• [Action item]
Send each entry back exactly as given, pictures excluded.

• [Exercise materials]
Start of Block

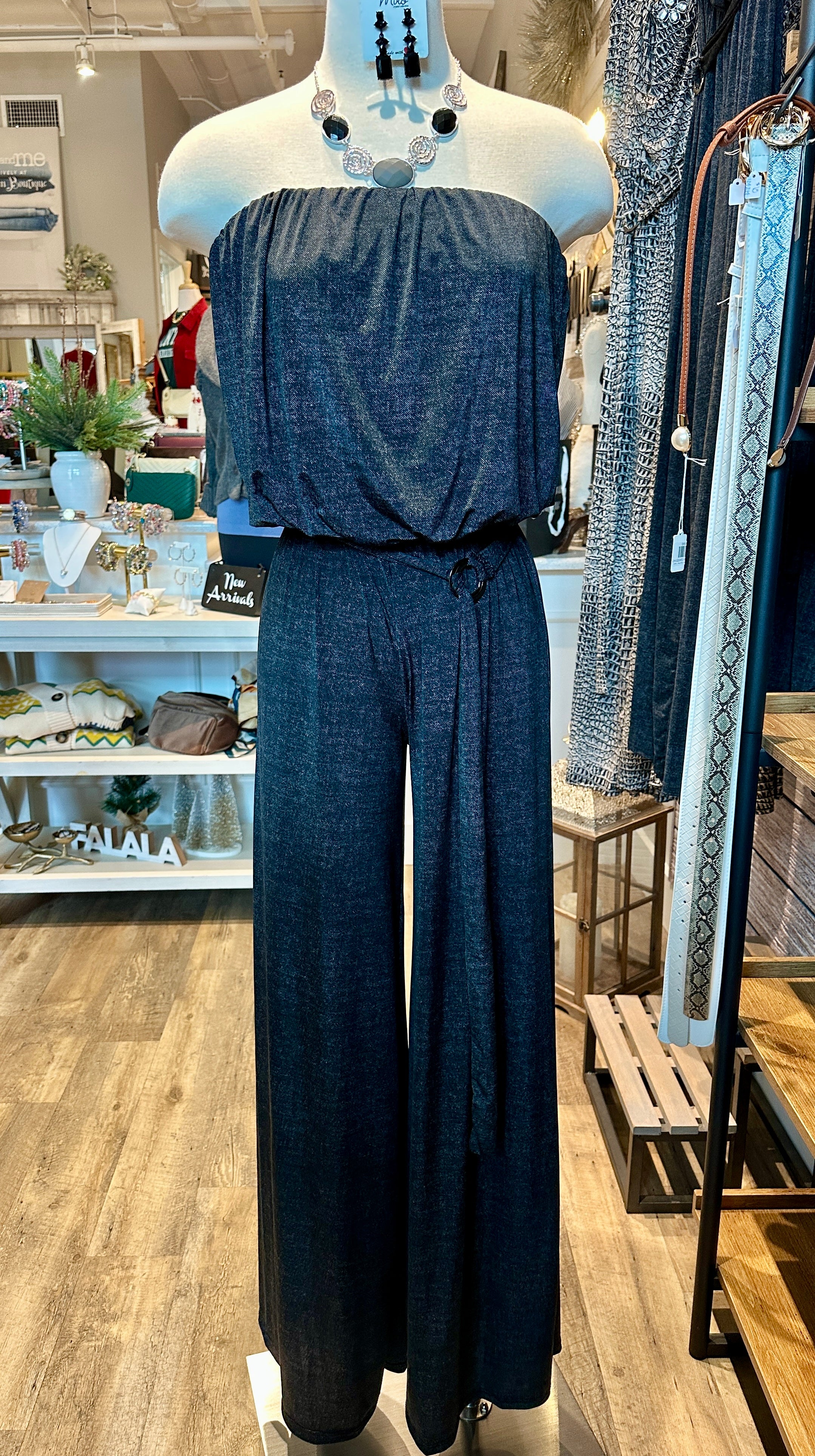 Wide Leg Strapless Jumpsuit with Ring Belt
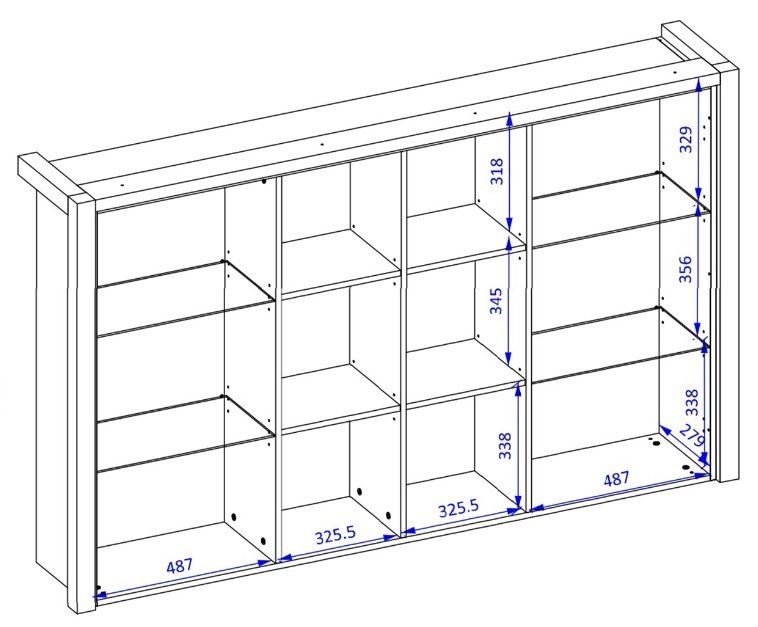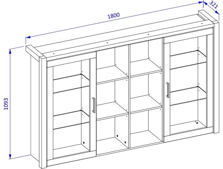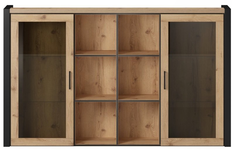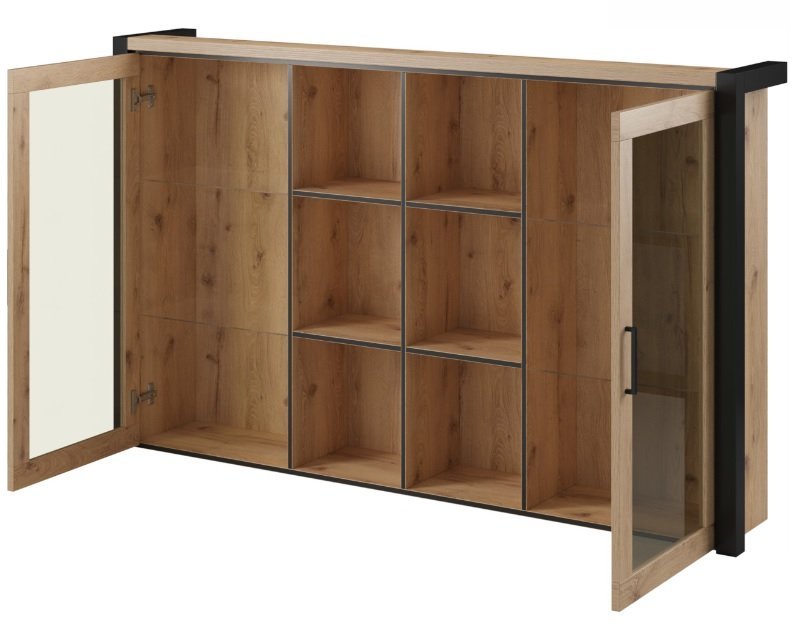 2 Fächer mit Glasböden und verglasten Türen, 4 offene Regale
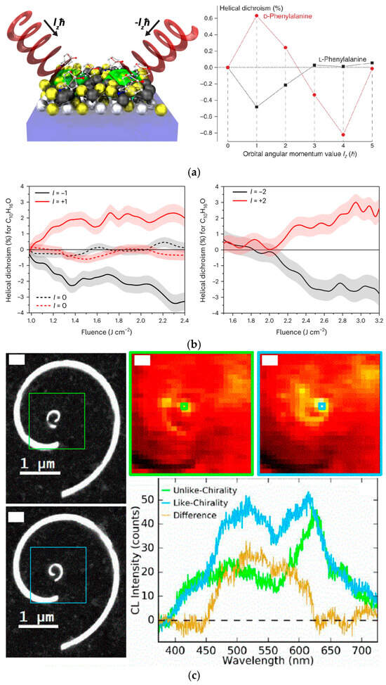 Since the discovery of OVs, many efforts have been made to utilize twisted light to discriminate chiral molecules, as the OAM in an OV can take unlimited values compared to the SAM, which has only two defined values. Currently, circular dichroism using circularly polarized excitation and the optical rotation of linearly polarized light are primary methods for characterizing chirality. Although some studies have shown that twisted light does not achieve chiral differentiation through electric or magnetic dipole interactions [67], recent experiments have demonstrated that linearly polarized twisted waves can exhibit helical dichroism when interacting with chiral samples via higher-order interactions, such as electric quadrupole interactions (Figure 8a,b) [67,68].
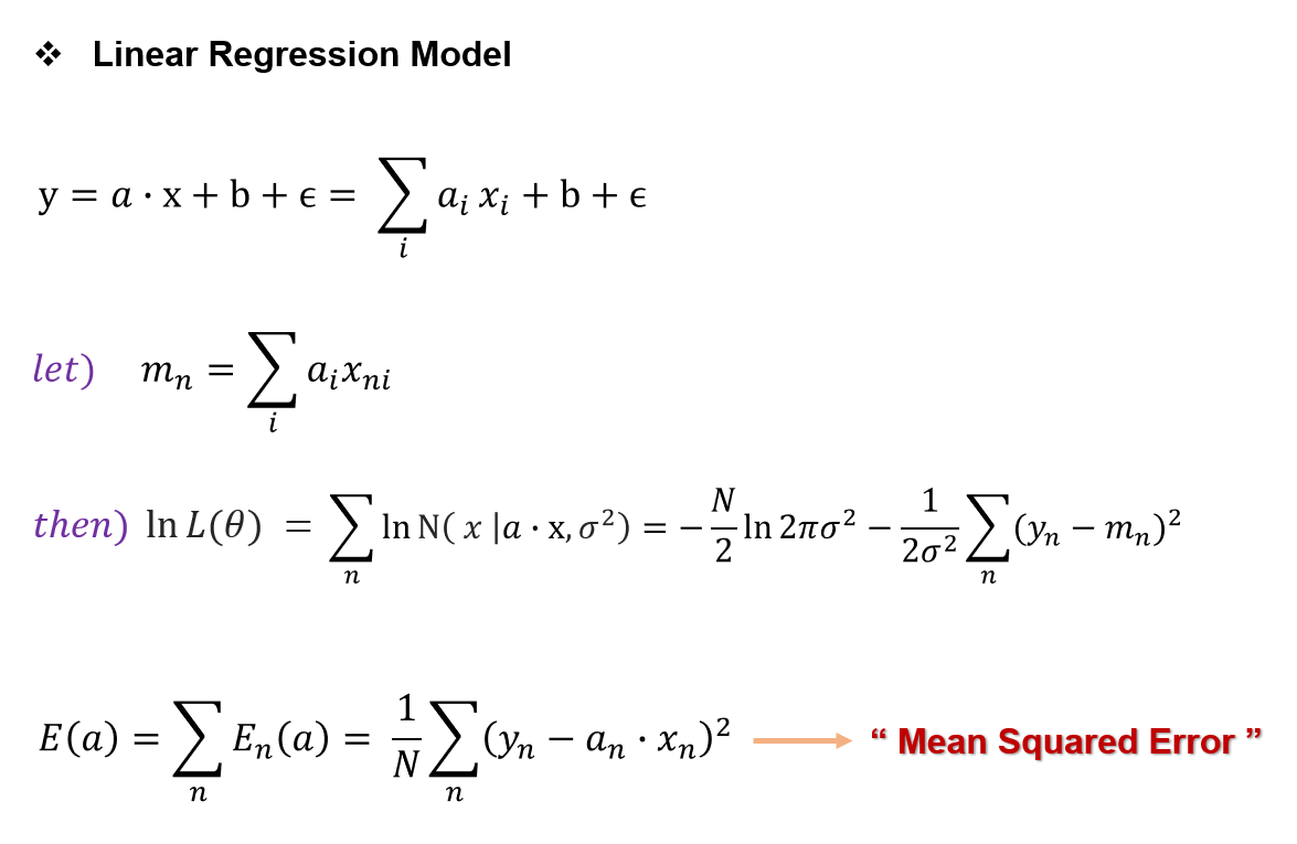 위 그림과 같이 해석적으로 결과를 분석하면, 평균제곱오차를 최소화하는 a 벡터값을 추정하는 것이다.
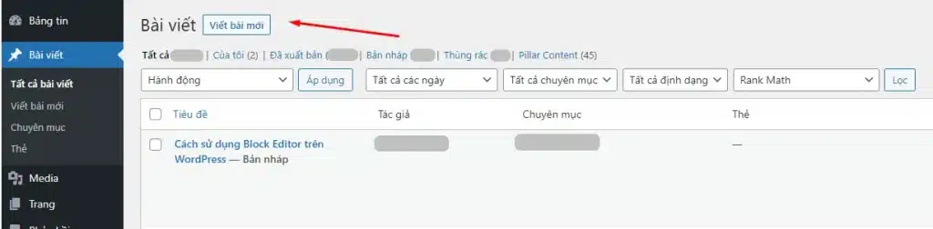 Trước tiên để tạo bài viết mới, tại giao diện Dashboard của WordPress bạn vào Bài viết > Viết bài mới để tạo bài viết và vào được giao diện Block Editor
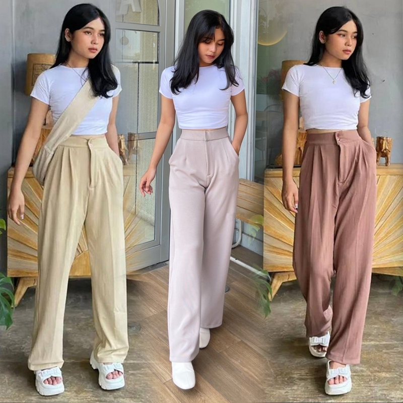 Celana Kulot Highwaist Daily Wanita JENNIE PANTS KNIT PREMIUM Cullote Highwaist Panjang Kekinian
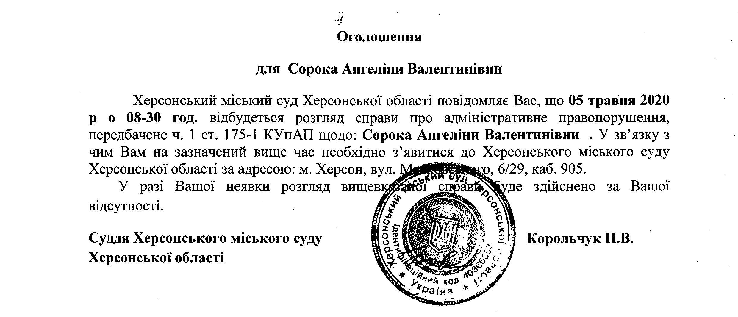 ОГОЛОШЕННЯ для Сороки Ангеліни Валентинівни
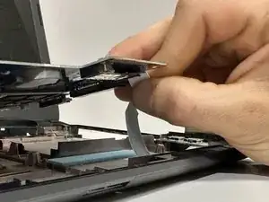 Отключите ленточный кабель клавиатуры.
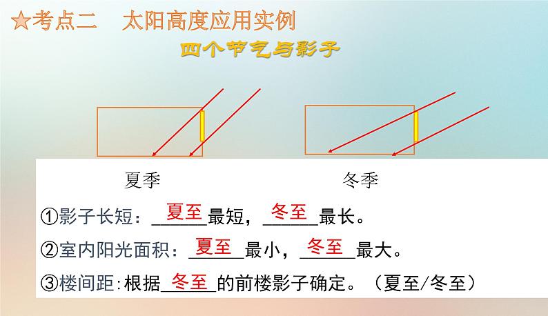 ①影子长短:______最短,______最长。②室内阳光面积:______最小,______最大。③楼间距:根据______的前楼影子确定。(夏至/冬至)
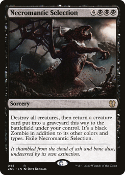 Destroy all creatures, then return a creature card put into a graveyard this way to the battlefield under your control. It's a black Zombie in addition to its other colors and types. Exile Necromantic Selection.

End of Block

• [Expected answer]
 Wide Leg Strapless Jumpsuit with Ring Belt
 2 Fächer mit Glasböden und verglasten Türen, 4 offene Regale
 Since the discovery of OVs, many efforts have been made to utilize twisted light to discriminate chiral molecules, as the OAM in an OV can take unlimited values compared to the SAM, which has only two defined values. Currently, circular dichroism using circularly polarized excitation and the optical rotation of linearly polarized light are primary methods for characterizing chirality. Although some studies have shown that twisted light does not achieve chiral differentiation through electric or magnetic dipole interactions [67], recent experiments have demonstrated that linearly polarized twisted waves can exhibit helical dichroism when interacting with chiral samples via higher-order interactions, such as electric quadrupole interactions (Figure 8a,b) [67,68].
 위 그림과 같이 해석적으로 결과를 분석하면, 평균제곱오차를 최소화하는 a 벡터값을 추정하는 것이다.
 Trước tiên để tạo bài viết mới, tại giao diện Dashboard của WordPress bạn vào Bài viết > Viết bài mới để tạo bài viết và vào được giao diện Block Editor
 Celana Kulot Highwaist Daily Wanita JENNIE PANTS KNIT PREMIUM Cullote Highwaist Panjang Kekinian
 ОГОЛОШЕННЯ для Сороки Ангеліни Валентинівни
 Отключите ленточный кабель клавиатуры.
 ①影子长短:______最短,______最长。②室内阳光面积:______最小,______最大。③楼间距:根据______的前楼影子确定。(夏至/冬至)
 Destroy all creatures, then return a creature card put into a graveyard this way to the battlefield under your control. It's a black Zombie in addition to its other colors and types. Exile Necromantic Selection.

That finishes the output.